I am working on a submission manager. I want a table of submissions
for editors of a specific genre for which they haven't commented. When
they comment I want it removed from table so that only the submissions
they need to work on are showing. I tried two methods that produce the
same results. One I used a find statement and another I tried a named
scope. Right now I can filter out the submissions of the specific
genre and then remove ones that have been commented on but soon as a
second editor comments on them they show up again.

Here is my code for the named scope

(In the submission model)

named_scope :not_commented_by, lambda { |u| { :include
=> :comments, :conditions => ['comments.editor_id != ? OR comments.id
IS NULL', u.id] } }

(In the User Controller)

@prose = Genre.find_by_name('Prose').submissions.not_commented_by
(@user)

Here is my code for the find statement

(In the user controller)

@prose = Genre.find_by_name('Prose').submissions.find(:all, :include
=> :comments, :conditions => ['comments.editor_id != ? OR comments.id
IS NULL', @user.id])

Can anyone explain why this would stop working when a second comment
is made?

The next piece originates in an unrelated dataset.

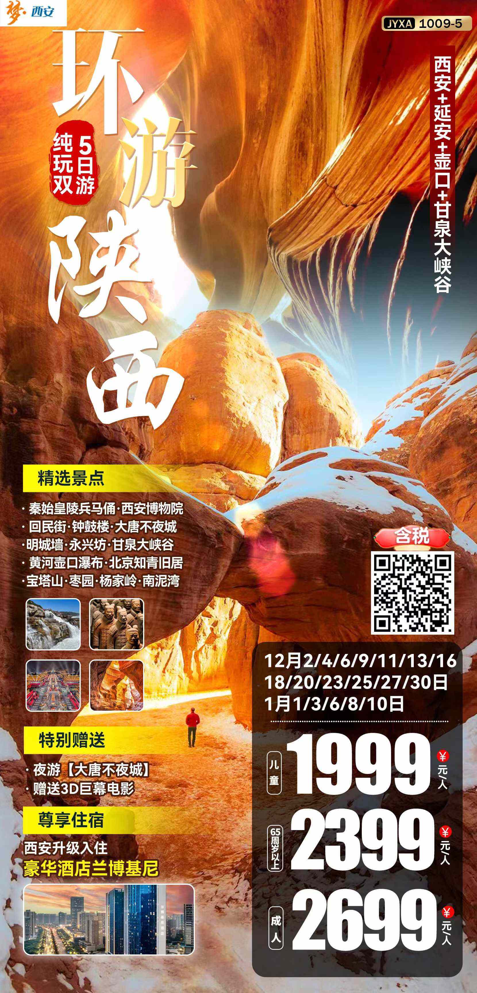西安+延安+壺口+甘泉大峽谷雙飛5日游

Anyone have suggestions for implementing this better?

Thank you for your time,
Christian

Frederick Cheung

unread,
Nov 14, 2009, 7:30:37 AM11/14/09
to Ruby on Rails: Talk
On Nov 14, 4:05 am, upisdown <trimp...@gmail.com> wrote:
> Here is my code for the named scope
>
> (In the submission model)
>
>  named_scope :not_commented_by, lambda { |u| { :include
> => :comments, :conditions => ['comments.editor_id != ? OR comments.id
> IS NULL', u.id] } }

include and & conditions is a slightly gnarly business. Once two
people have commented, you have 2 rows in your comments table:

submission_id editor_id
1 1
1 2

A find with an include like that boils down to

select * from submissions
left outer join comments on submissions,id = submission_id
where ...

Before conditions are applied, a row appears for each comment that can
be joined to a submission, ie you get one row with comment made by
editor 1, and one row with the comment made by editor 2. Your
conditions filter out one of these, leaving the second row.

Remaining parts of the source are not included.